A estátua, de quase dois metros, foi confeccionada sob encomenda pelo artesão carioca Honório Peçanha – o artista também foi responsável pela estátua cenográfica da novela Roque Santeiro, exibida em 1985 na Globo. O neto Felipe conta que, antes da estátua em tamanho real, Clidenor solicitou ao artista que fizesse uma versão menor, uma espécie de protótipo. Hoje, o Dom Quixote em bronze, símbolo da resistência e coragem de seu criador, encontra-se no escritório da família Freitas.
O sonho de um sanatório
O Sanatório Meduna foi o segundo hospital psiquiátrico do Piauí e o primeiro de administração privada. Inaugurado em 21 de abril de 1954, em uma região de 3.356 metros quadrados às margens do Rio Poty, era formado por oito pavilhões ligados por aleias cobertas, dois imensos pátios, um prédio com dois andares e 120 leitos. O hospital foi visto como inovador por utilizar métodos considerados avançados para a época como, por exemplo, a eletroconvulsoterapia.

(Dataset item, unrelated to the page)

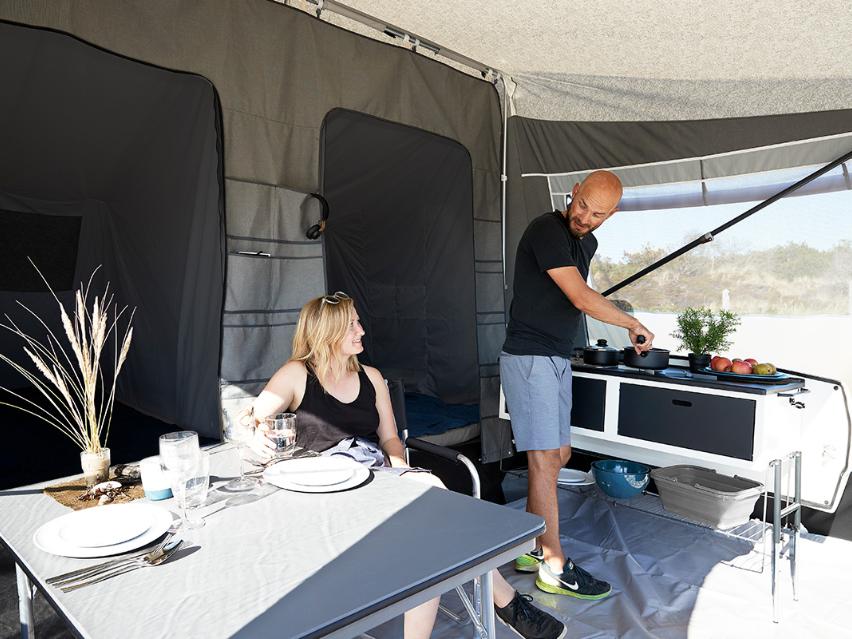 Som standard er der ikke noget køkken på bagklappen af Camp-let North, men du har mulighed for at tilkøbe en køkkenpakke. Alle køkkenpakker kan svinges rundt og ud i opholdsrummet, så du kan lave mad inde i teltet.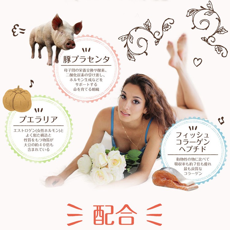 | 原材料名 | フィッシュコラーゲンペプチド プエラリア・ミリフィカ末 還元麦芽糖水飴 エラスチンペプチド 鉄含有酵母 デキストリン 発酵熟成プラセンタエキス末 (プラセンタエキス 黒糖 酒酵母) セルロース ステアリン酸Ca 二酸化ケイ素 ヒアルロン酸 葉酸 |

Pelo Sanatório Meduna passaram homossexuais, negros, alcoolistas, meninas grávidas, pessoas com transtornos mentais, pobres e moradores de rua. A loucura era estigmatizada, tida como uma “mancha” na sociedade teresinense que se formava e as famílias internavam seus doentes, isolando-os do convívio social. Durante seus 56 anos de funcionamento, o Sanatório foi a casa e o mundo de milhares de pessoas, constando mais de 100 mil internações. Hoje a área pertence a um grupo empresarial que construiu um shopping center.
Clidenor de Freitas morreu no ano 2000 e seus filhos assumiram a administração do local. O hospital declarou encerradas as atividades em maio de 2010, porém, ainda seguiu em funcionamento até o ano seguinte, com número reduzido de internos. Visto como herói por uns e vilão por outros, o médico psiquiatra Clidenor de Freitas foi tachado como louco, tanto por ter concretizado um hospital psiquiátrico de alto investimento arquitetônico e médico em um estado pouco assistido na década de 1950, quanto pelo pioneirismo em métodos de tratamento pouco antes utilizados – desbravando caminhos, na dicotomia entre o bem e o mal, como Quixote.